Доктор Фриденталь осторожно оторвал Клариссу от созерцания олигофренов.
Ад не интересен, он ужасен. Когда его не гуманизировали, — как Данте, населивший его литераторами и другими знаменитостями и тем отвлекший внимание от карательной техники, — а пытались дать о нем первоначальное представление, даже люди с самой богатой фантазией не шли дальше пошлых мучений и скудоумных извращений земных черт. Но как раз пустая идея невообразимой и потому неотвратимой бесконечной кары и муки, предположение не признающей никакого противодействия перемены к худшему — вот что как раз и обладает притягательностью бездны. Таковы и сумасшедшие дома. Это приюты для бедных. В них есть что-то от ада с его отсутствием фантазии. Но множество людей, не сведущих в причинах душевных болезней, ничего так не боится — помимо возможности потерять свои деньги, — как возможности однажды потерять разум; и знаменательна многочисленность этих людей, терзаемых мыслью, что они могут вдруг потерять себя. Из переоценки того, что они находят в себе, следует, вероятно, переоценка ужасов, которыми, как думают здоровые, окружены дома душевнобольных. Кларисса тоже немного страдала от легкого разочарования, источником которого было какое-то неопределенное ожидание, привитое ей воспитанием. У доктора Фриденталя все обстояло противоположным образом. Он привык проделывать этот путь. Порядок, как в казарме или любом другом общежитии, облегчение острых болей, помощь при жалобах, профилактические меры против предотвратимых ухудшений, поправка или излечение — таковы были элементы его каждодневной деятельности. Много наблюдать, много знать, но не обладать достаточным объяснением всех взаимозависимостей — таков был его духовный жребий. Назначать во время обхода, кроме лекарств от кашля, насморка, запора и ран, какие-то успокоительные средства — такова была его ежедневная работа врача. Призрачную чудовищность мира, в котором он жил, он чувствовал только при возникавшем от соприкосновения с обычным миром контрасте; ежедневно чувствовать ее нельзя, но посетители как раз и предоставляют такой случай, и потому то, что довелось увидеть Клариссе, было показано не без какой-то режиссуры и сразу же, как только он вывел ее из задумчивости, дополнилось чем-то новым и более драматичным.

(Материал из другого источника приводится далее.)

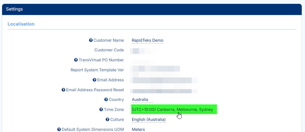 This is important as time zones affect a variety of things throughout Transvirtual - scan/status/POD timestamps, etc.

Едва они вышли из палаты, к ним присоединилось несколько рослых мужчин с мясистыми плечами, приветливыми фельдфебельскими лицами и в чистых халатах. Это произошло так безмолвно, что поразило, как барабанный бой.
— Теперь «буйное» отделение, — объявил Фриденталь, и вот уже они приближались к крику и гоготу, доносившемуся, казалось, из огромного птичника. Когда они подошли к двери, на ней не оказалось ручки, но один из санитаров отпер ее особым ключом, и Кларисса попыталась было войти первой, как делала это до сих пор, но доктор Фриденталь резко потянул ее назад.
— Здесь ждут! — сказал он, не извиняясь, многозначительно и устало. Санитар, который отпер дверь, чуть-чуть приоткрыл ее, заслонил узкую щель своим могучим телом и, сперва прислушавшись, затем заглянув внутрь, поспешно протиснулся в палату, а за ним последовал второй санитар, который занял позицию по другую сторону от входа. У Клариссы забилось сердце. Генерал сказал с одобрением:
— Авангард, арьергард, фланговое прикрытие!
И под таким прикрытием они вошли, и детины-санитары стали водить их от койки к койке. Сидевшие на этих койках выкатывали глаза и размахивали руками, крича и волнуясь; казалось, что каждый кричит в пространство, существующее только для него, и в то же время все словно бы вели бурный разговор между собой, как запертые в общей клетке экзотические птицы, каждая из которых говорит на языке какого-нибудь другого острова. Одни сидели свободно, а другие были привязаны к койкам бандажами, которые не давали свободы рукам.
— Из-за опасности самоубийства, — пояснил врач и стал называть болезни. «Паралич», «паранойя», «dementia praecox» и так далее назывались породы этих экзотических птиц.
Сначала Кларисса опять оробела от сумбурных впечатлений и не могла обрести душевное равновесие. И потому показалось добрым знаком, что один из больных стал уже издали оживленно кивать ей и что-то кричать, когда она еще была отделена от него несколькими кроватями. Он ерзал на своей койке, словно отчаянно пытался освободиться, чтобы поспешить ей навстречу, перекрывал общий хор своими обличительно гневными воплями и все сильнее привлекал внимание Клариссы к себе. Чем ближе она подходила к нему, тем больше беспокоило ее впечатление, что он обращается только к ней, а она была совершенно не в силах понять, что хочет он выразить. Когда они наконец подошли к нему, старший санитар что-то сказал врачу так тихо, что Кларисса ничего не разобрала, и Фриденталь о чем-то распорядился с очень серьезным лицом. Затем, однако, он позволил себе пошутить и заговорил с больным. Тот не сразу ответил, но вдруг спросил: «Кто этот господин?» — и жестом дал понять, что имеет в виду Клариссу. Фриденталь указал на ее брата и ответил, что это врач из Стокгольма.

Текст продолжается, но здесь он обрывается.